E3396. Rough Around the Edges: Distinguishing Causes of Loss of Renal Corticomedullary Differentiation on Abdominopelvic CT
  1. Michael McColl; Johns Hopkins Medical Institute
  2. Erin Gomez; Johns Hopkins Medical Institute
  3. Elliot Fishman; Johns Hopkins Medical Institute
The kidneys have a distinct appearance across multiphase postcontrast imaging that is rooted in anatomy and physiology. Loss of normal renal corticomedullary differentiation is a commonly encountered finding on abdominopelvic CT. The two most common causes of loss of the renal corticomedullary interface are infection and infarction. However, numerous additional entities may also contribute to this finding, many of which radiologists fail to consider.
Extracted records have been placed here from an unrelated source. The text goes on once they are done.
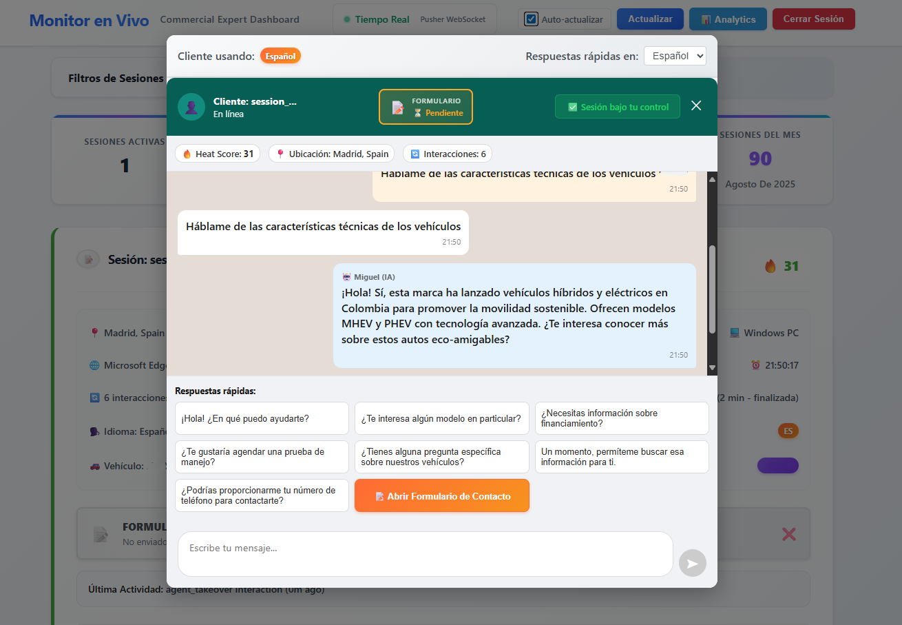Asistente IA consultivo + 3D/360°, generación y scoring de leads, panel en vivo para asesores y Sales Intelligence.
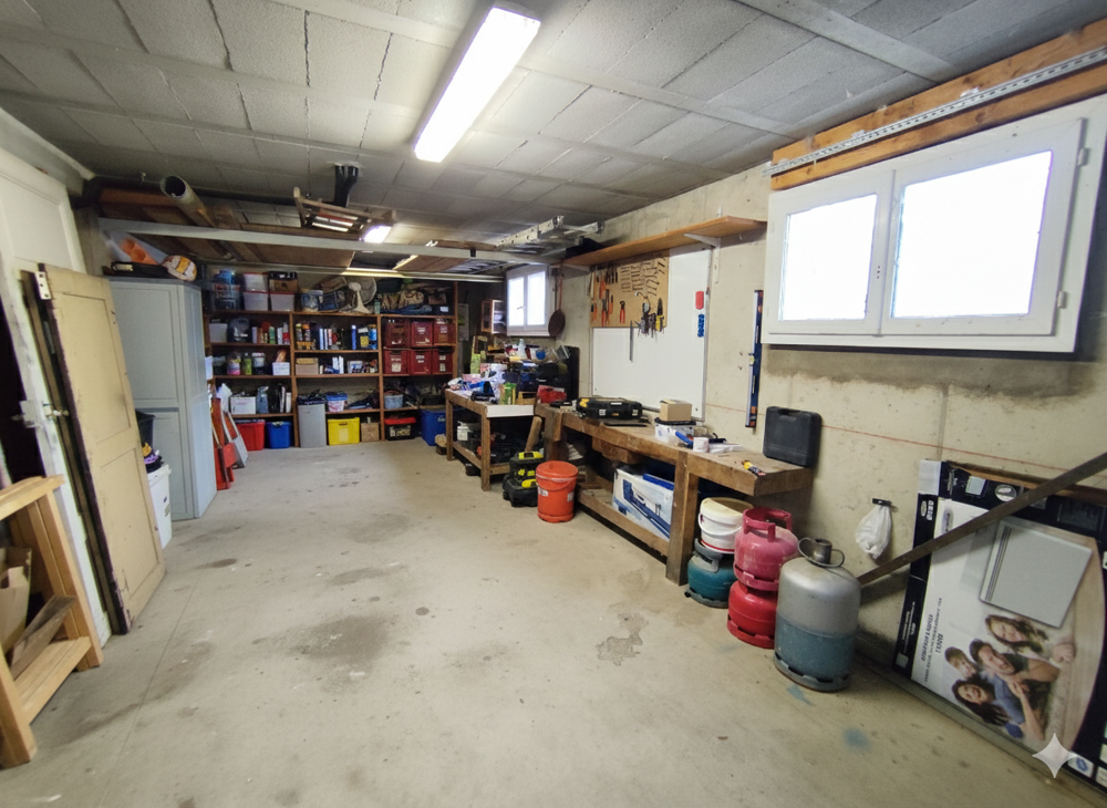 La maison dispose également d'un sous sol complet comprenant une buanderie avec douche, un garage, un atelier, une cave et des espaces de rangement. La taxe foncière s'élève à 1 010 euros.
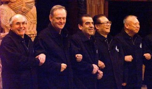 在温哥华,时任加拿大总理克雷蒂安送给客人们每人一件帅气的飞行员款牛皮夹克。
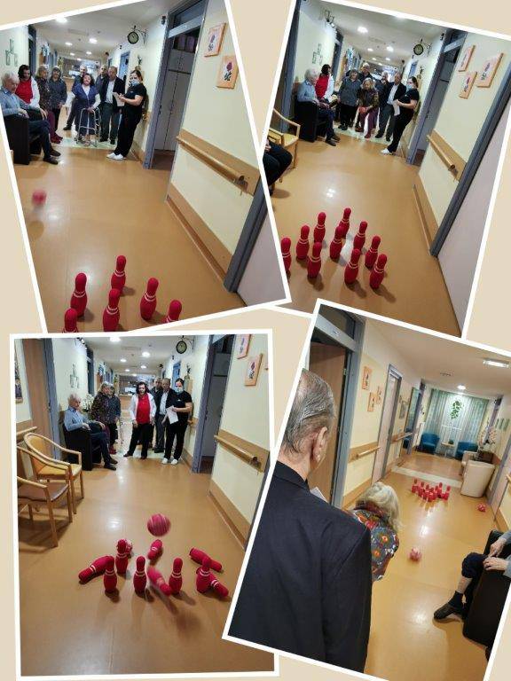 5. oktober 2020 SVZ Hrastovec Podiranje kegljev Deževno ponedeljkovo dopoldne smo s stanovalci enote B2 preživeli precej družabno in tekmovalno. Na hodniku enote smo si pripravili tekmovanje v podiranju kegljev.
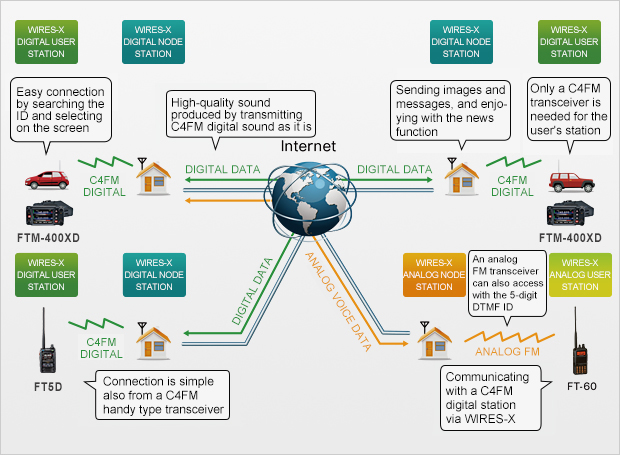 Il est donc possible pour un radioamateur avec une radio portable de ce connecter à une chambre qui regroupe des répéteurs au Québec ou partout dans le monde. Le répéteur du Club est connecté en permanence à la chambre French Riviera 47625 sur la Côte d’Azur. Pour connaitre les chambres actives, visitez le site suivant: WIRES-X ACTIVE ROOM ID LIST
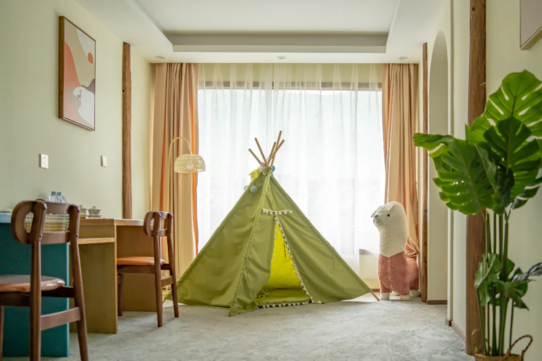 值得一提的是,如果您入住亲子房,还能获赠儿童乐园体验券。在儿童乐园里,孩子们可以尽情释放天性,玩积木、滑滑梯,还有油纸伞绘画体验,孩子们可以发挥无限的想象力,用五彩的颜料在油纸伞上描绘出属于自己的绚丽世界。
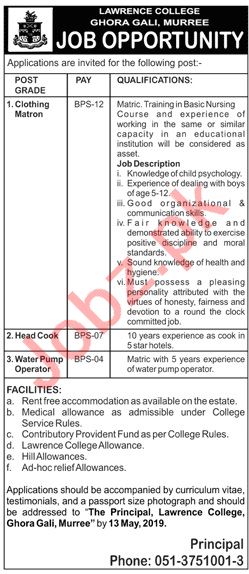 Vacancies in Lawrence College Ghora Gali Advertisement May 2019

In this exhibit we intend to explore the various causes of loss of corticomedullary differentiation and stress that clinical history is of the utmost importance when evaluating this finding on CT.

Educational Goals / Teaching Points
After reviewing our educational exhibit, learners will be able to better understand normal renal physiology, identify imaging characteristics that represent disruption to that normal physiology, produce a wide differential diagnosis for loss of corticomedullary differentiation rather than only infection or infarction, and narrow that differential to a more precise cause with consideration of clinical history.
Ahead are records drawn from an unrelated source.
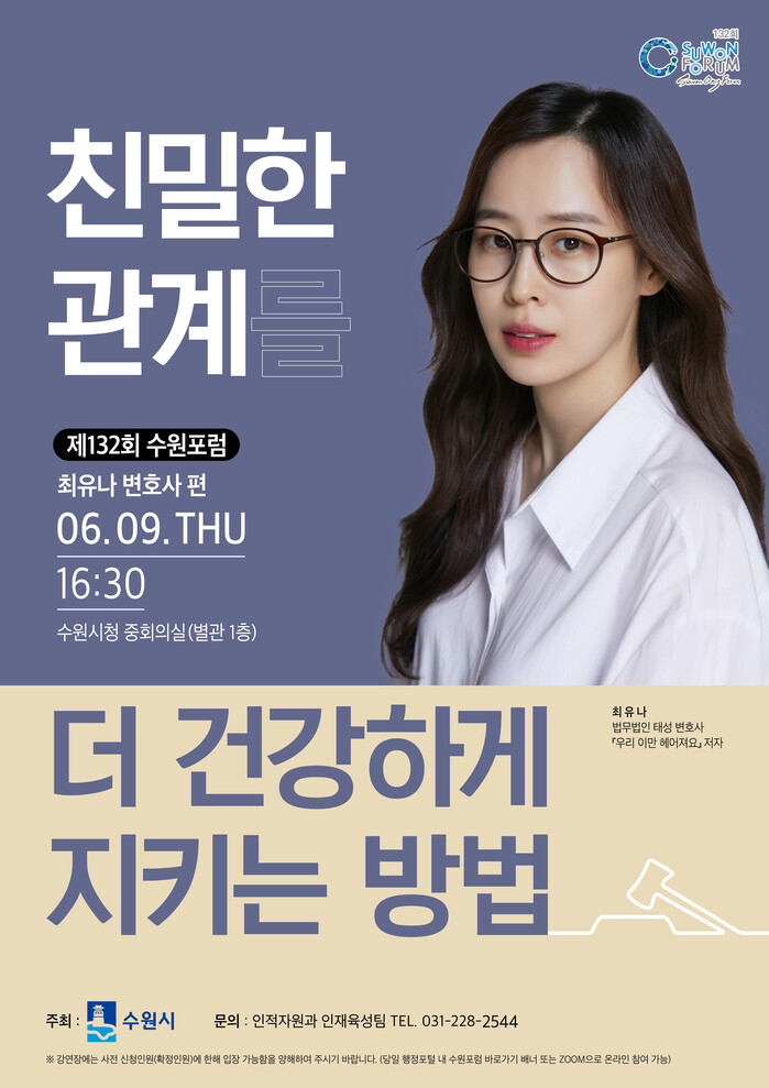수원시가 ‘친밀한 관계를 더 건강하게 지키는 방법’을 주제로 제132회 수원포럼을 연다.
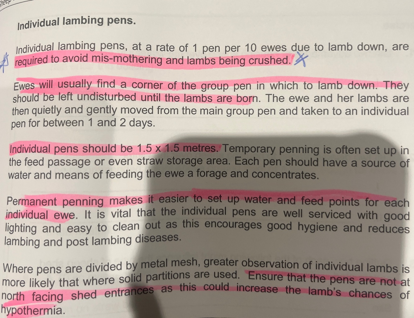 Give 2 reasons why individual lambing pens important during lambing.
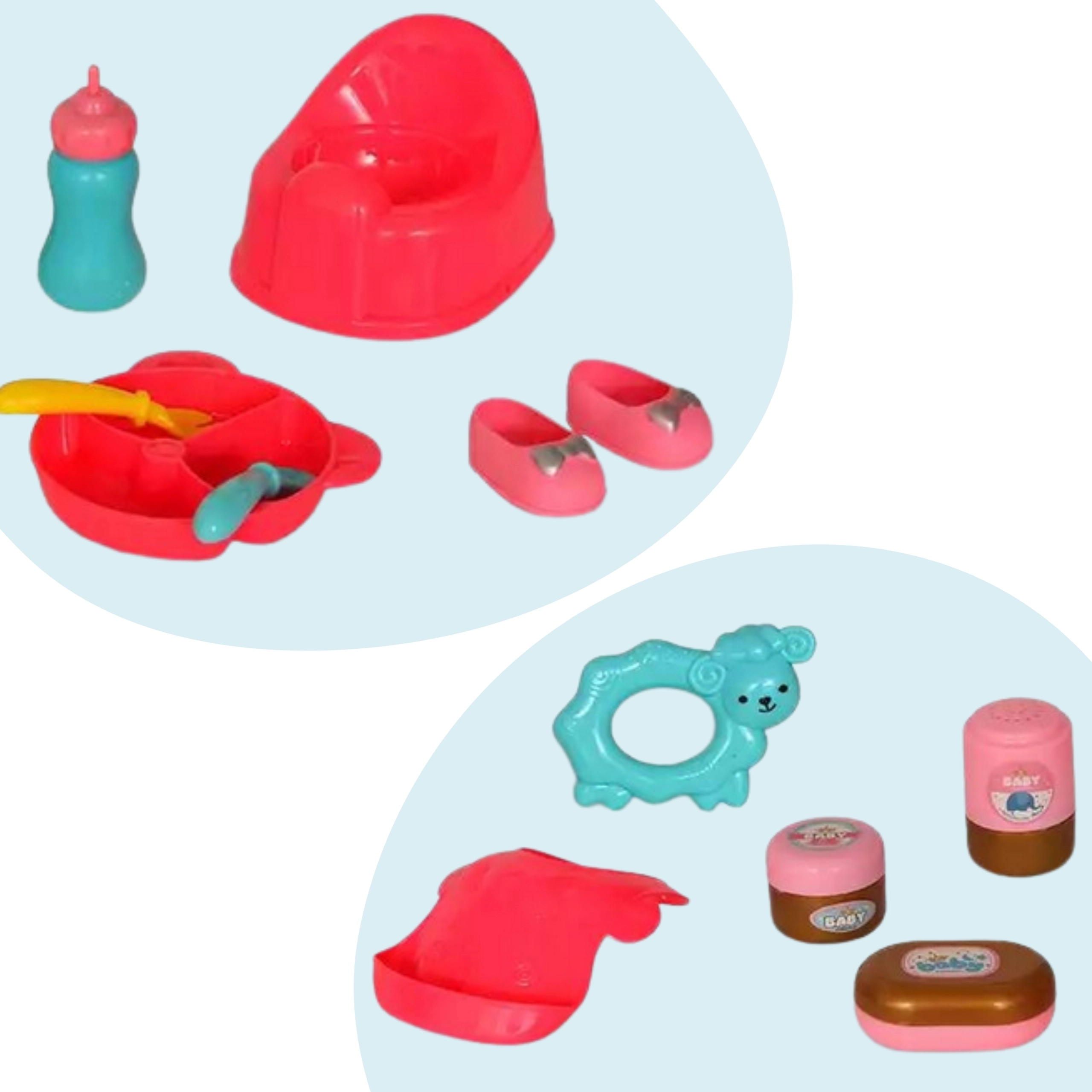 - Panenka mořská víla, kočárek-paraplíčko, cestovní postýlka/kojec, hrací podložka s hrazdičkou, tašky, nočník, doplňky ke krmení a péči

Key Anatomic/Physiologic Issues and Imaging Findings/Techniques
In this educational exhibit, we will first outline the normal renal anatomy and function including describing the appearance of the kidneys on precontrast, arterial, venous and excretory phase CT and the pathway of contrast through the nephron. We will then provide pointers on identifying loss of corticomedullary differentiation using thin and thick section images and mutliplanar reformats. Next, we will discuss the causes of a loss of corticomedullary differentiation including pyelonephritis, infarction (including renal artery stenosis, renal vein thrombosis, embolic phenomenon, etc.), interstitial nephritis (secondary to drugs, granulomatous disease, IgG4, radiation, etc.), rhabdomyolysis, and neoplasm. Finally, we will emphasize the importance of clinical history in the diagnostic process of this finding with example vignettes of common presentations.
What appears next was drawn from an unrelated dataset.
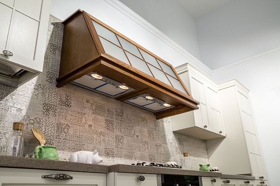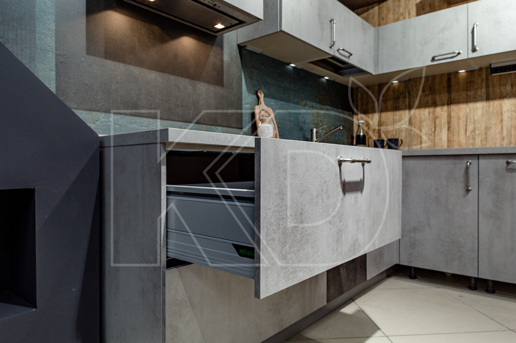 Это еще одна конфигурация, на которую стоит обратить внимание тем, кто решил купить узкую кухню в Москве. Если в конце пространства нет окна и батареи, то угловая расстановка – это отличное решение. В рамках нее гарнитур размещают в конце помещения вместе с мойкой и холодильником. Это позволяет освободить максимум пространства в начале комнаты и в центре. На свободной территории можно поставить обеденный стол, диван, шкаф-пенал или другую мебель.

Loss of corticomedullary differentiation in the kidney is a common finding with a wide differential diagnosis that is often underappreciated by radiologists. Understanding the related pathophysiology, the common imaging appearances, and the importance of clinical history in regards to this finding will assist the radiologist in providing more accurate and actionable assessments of renal pathology in their practice.